## TASK DESCRIPTION
Find the line below with "To further confirm, the" and the line with "Comme chaque année". Output exactly those lines and everything between them, leaving out the pictures.

START DATASET CONTENT

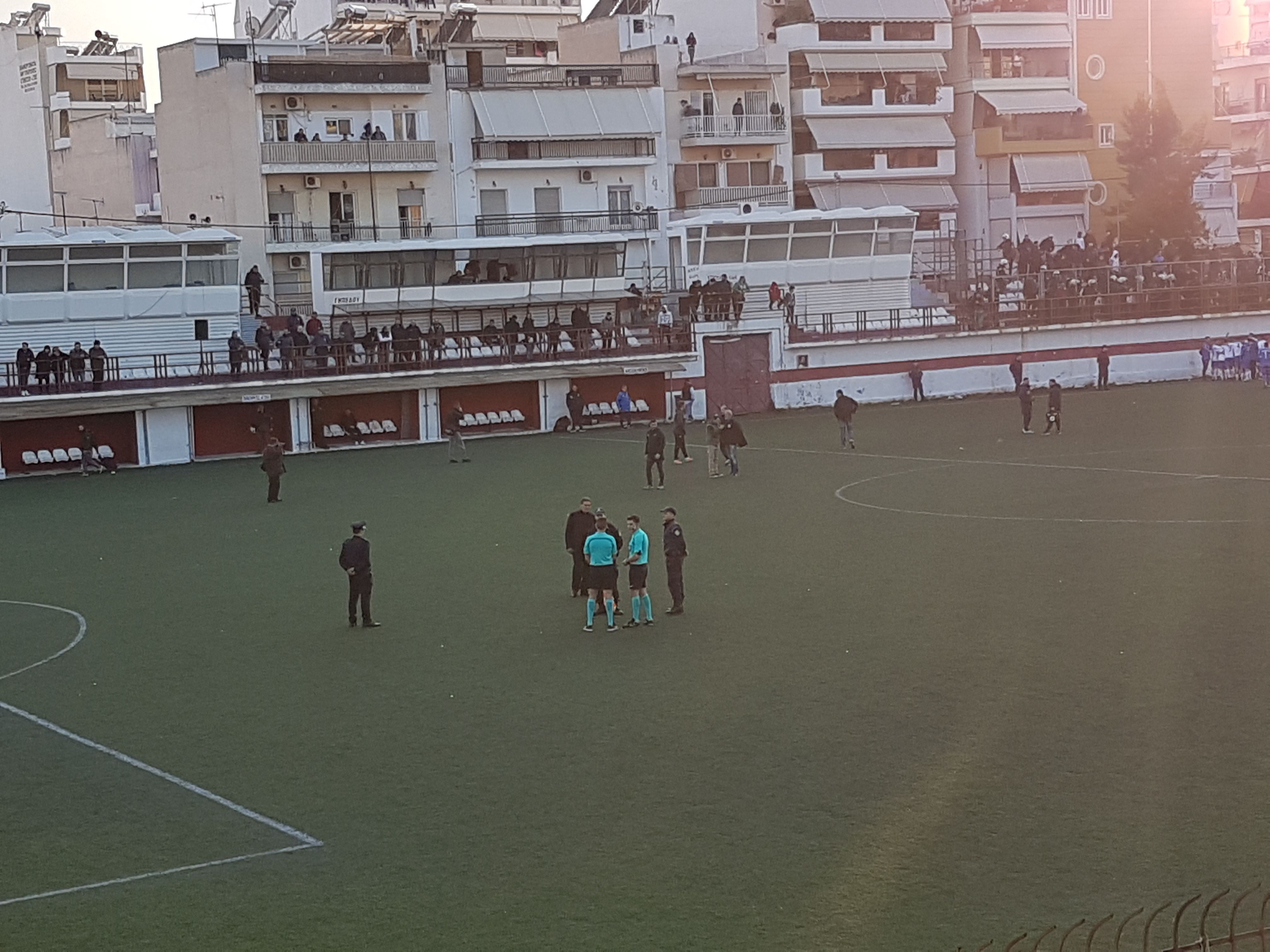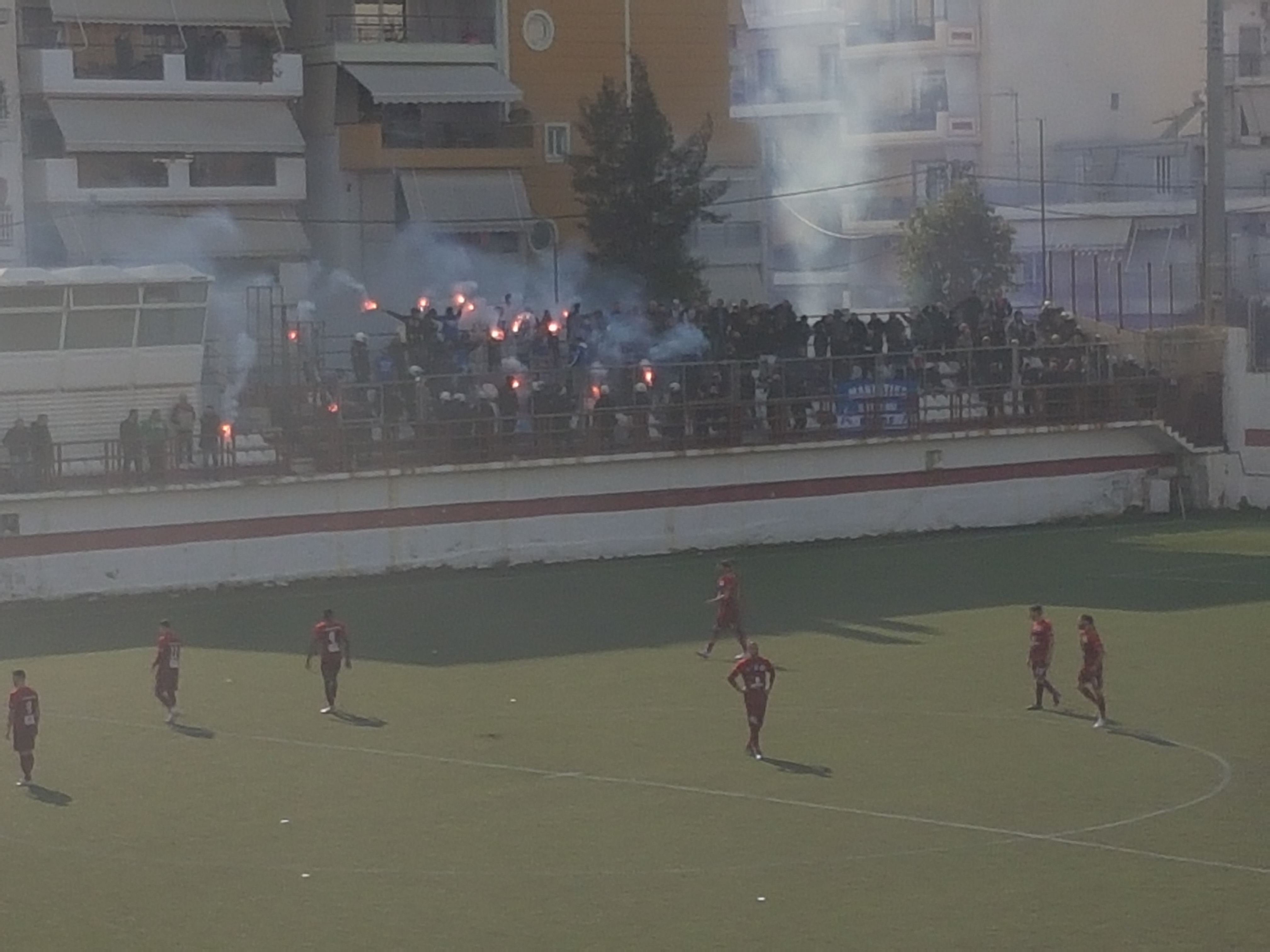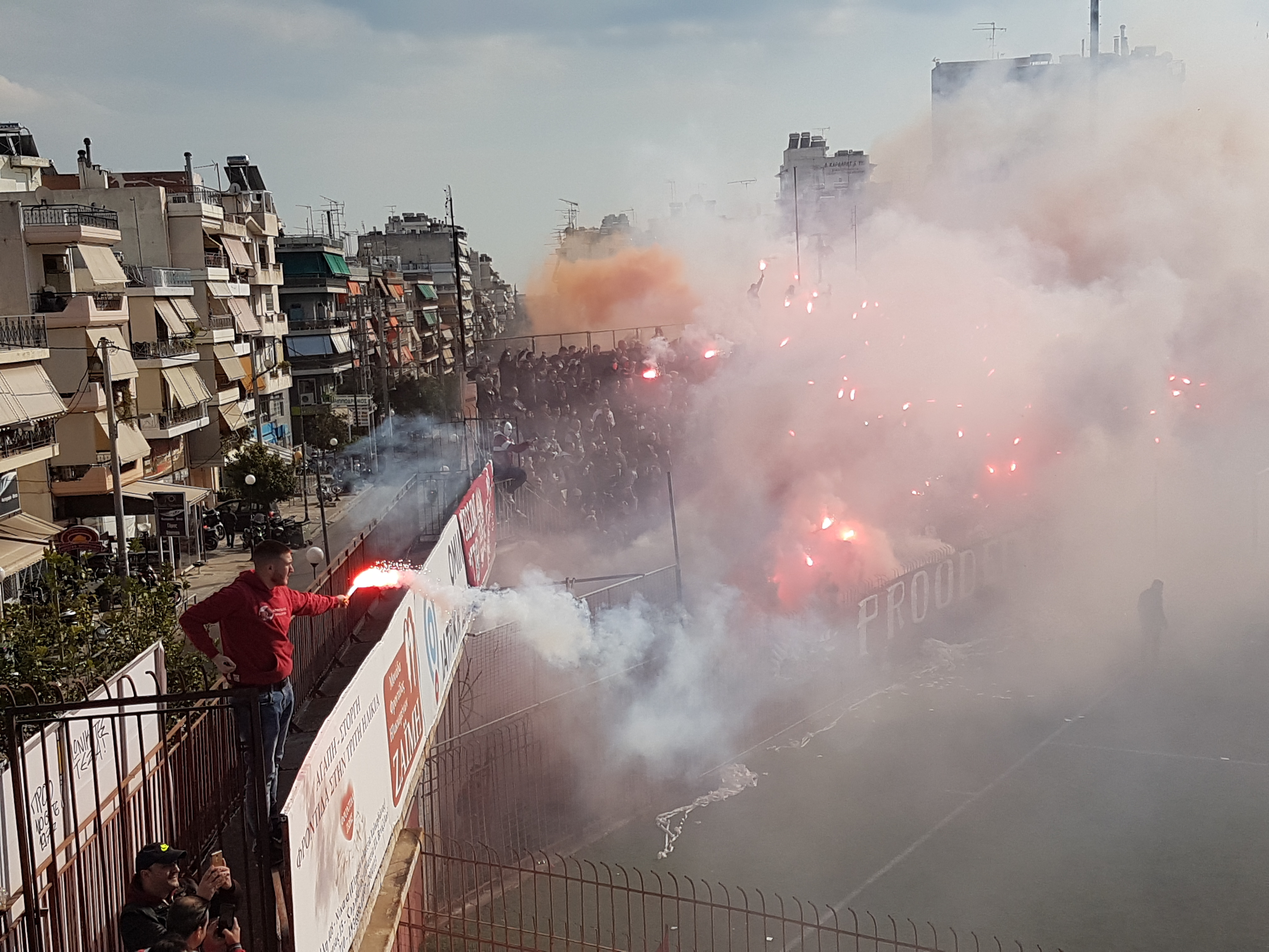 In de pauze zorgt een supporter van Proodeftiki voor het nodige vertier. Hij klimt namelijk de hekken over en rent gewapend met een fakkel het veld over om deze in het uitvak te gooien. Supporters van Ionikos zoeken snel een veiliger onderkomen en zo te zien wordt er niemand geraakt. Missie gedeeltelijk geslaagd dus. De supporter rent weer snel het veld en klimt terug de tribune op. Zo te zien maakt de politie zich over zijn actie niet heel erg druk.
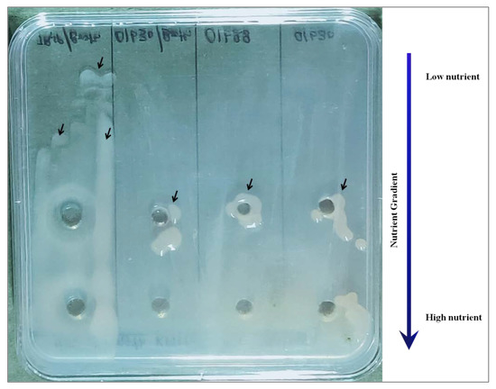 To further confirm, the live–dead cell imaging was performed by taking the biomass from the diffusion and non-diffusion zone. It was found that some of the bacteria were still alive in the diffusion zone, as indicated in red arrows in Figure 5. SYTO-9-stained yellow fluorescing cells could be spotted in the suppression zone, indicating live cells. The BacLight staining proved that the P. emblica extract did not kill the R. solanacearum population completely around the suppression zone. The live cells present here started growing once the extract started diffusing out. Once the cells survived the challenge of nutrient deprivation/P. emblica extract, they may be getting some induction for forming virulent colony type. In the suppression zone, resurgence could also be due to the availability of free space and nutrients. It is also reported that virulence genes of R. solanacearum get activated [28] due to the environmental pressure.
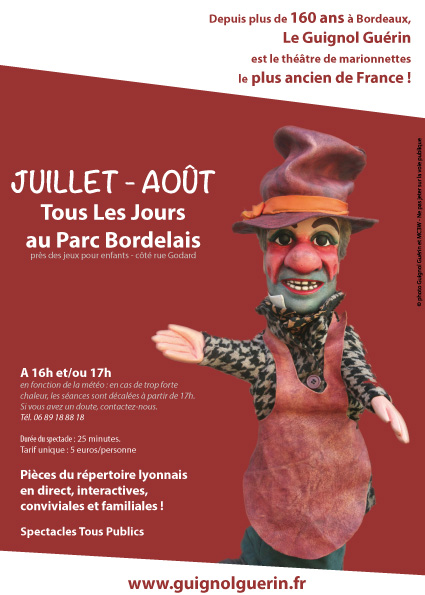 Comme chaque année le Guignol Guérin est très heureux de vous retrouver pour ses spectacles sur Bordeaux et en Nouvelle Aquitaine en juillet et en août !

END DATASET CONTENT
START DATASET CONTENT

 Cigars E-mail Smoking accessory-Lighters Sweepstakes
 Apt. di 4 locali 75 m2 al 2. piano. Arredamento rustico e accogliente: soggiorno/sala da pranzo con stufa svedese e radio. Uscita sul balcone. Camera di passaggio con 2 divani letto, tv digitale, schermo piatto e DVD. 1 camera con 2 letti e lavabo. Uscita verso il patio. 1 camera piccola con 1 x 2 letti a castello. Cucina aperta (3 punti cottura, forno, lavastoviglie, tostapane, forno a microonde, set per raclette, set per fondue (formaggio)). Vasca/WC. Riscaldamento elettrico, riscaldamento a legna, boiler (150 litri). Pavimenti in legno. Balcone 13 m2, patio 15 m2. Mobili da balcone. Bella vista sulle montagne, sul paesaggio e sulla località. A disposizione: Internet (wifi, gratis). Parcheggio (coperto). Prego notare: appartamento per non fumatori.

END DATASET CONTENT
START DATASET CONTENT

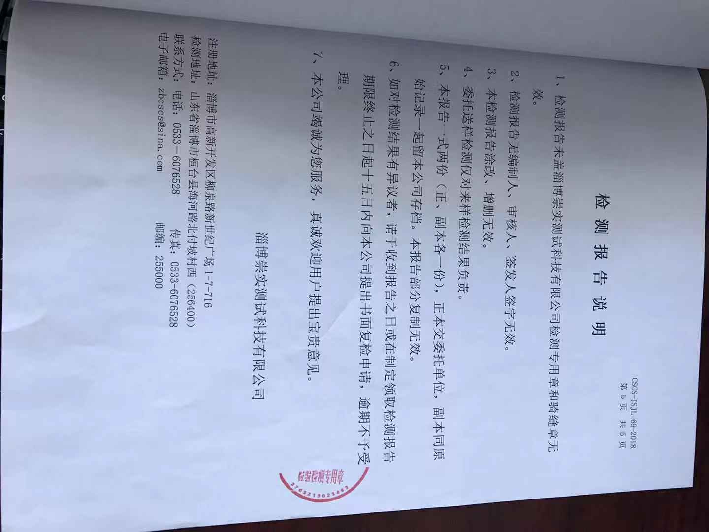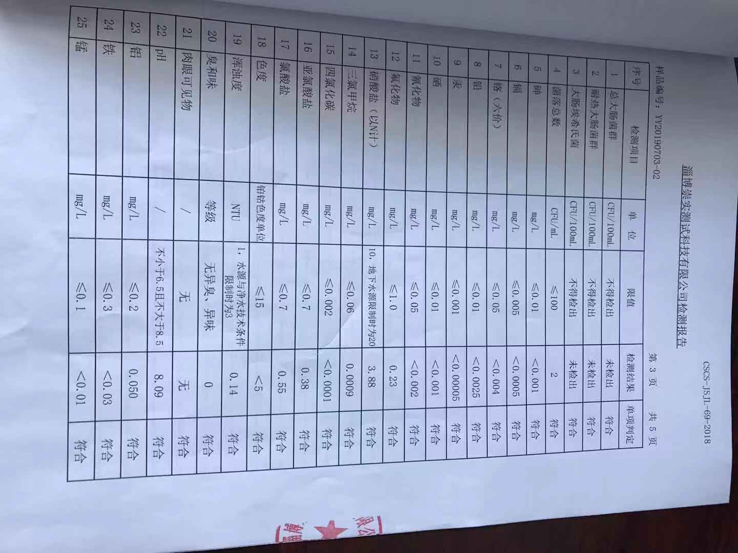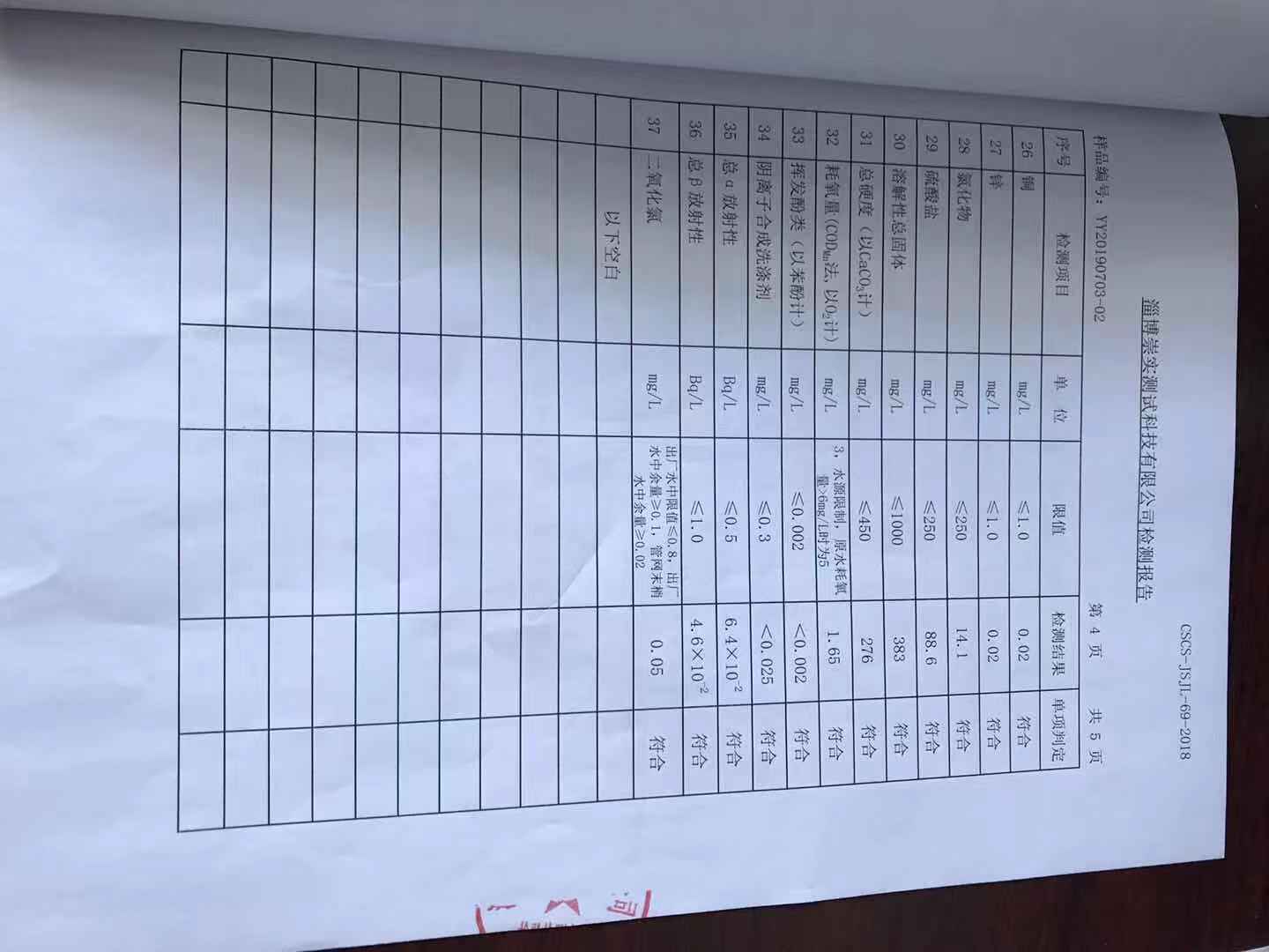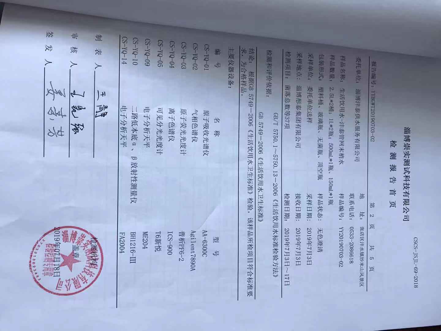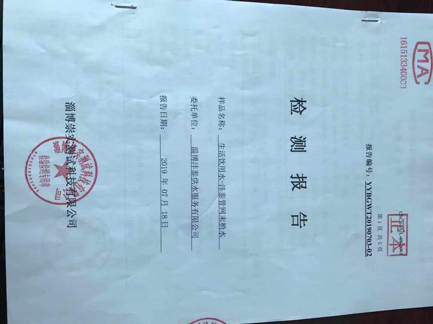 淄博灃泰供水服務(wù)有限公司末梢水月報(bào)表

END DATASET CONTENT

## WRITTEN RESPONSE
 To further confirm, the live–dead cell imaging was performed by taking the biomass from the diffusion and non-diffusion zone. It was found that some of the bacteria were still alive in the diffusion zone, as indicated in red arrows in Figure 5. SYTO-9-stained yellow fluorescing cells could be spotted in the suppression zone, indicating live cells. The BacLight staining proved that the P. emblica extract did not kill the R. solanacearum population completely around the suppression zone. The live cells present here started growing once the extract started diffusing out. Once the cells survived the challenge of nutrient deprivation/P. emblica extract, they may be getting some induction for forming virulent colony type. In the suppression zone, resurgence could also be due to the availability of free space and nutrients. It is also reported that virulence genes of R. solanacearum get activated [28] due to the environmental pressure.
 Comme chaque année le Guignol Guérin est très heureux de vous retrouver pour ses spectacles sur Bordeaux et en Nouvelle Aquitaine en juillet et en août !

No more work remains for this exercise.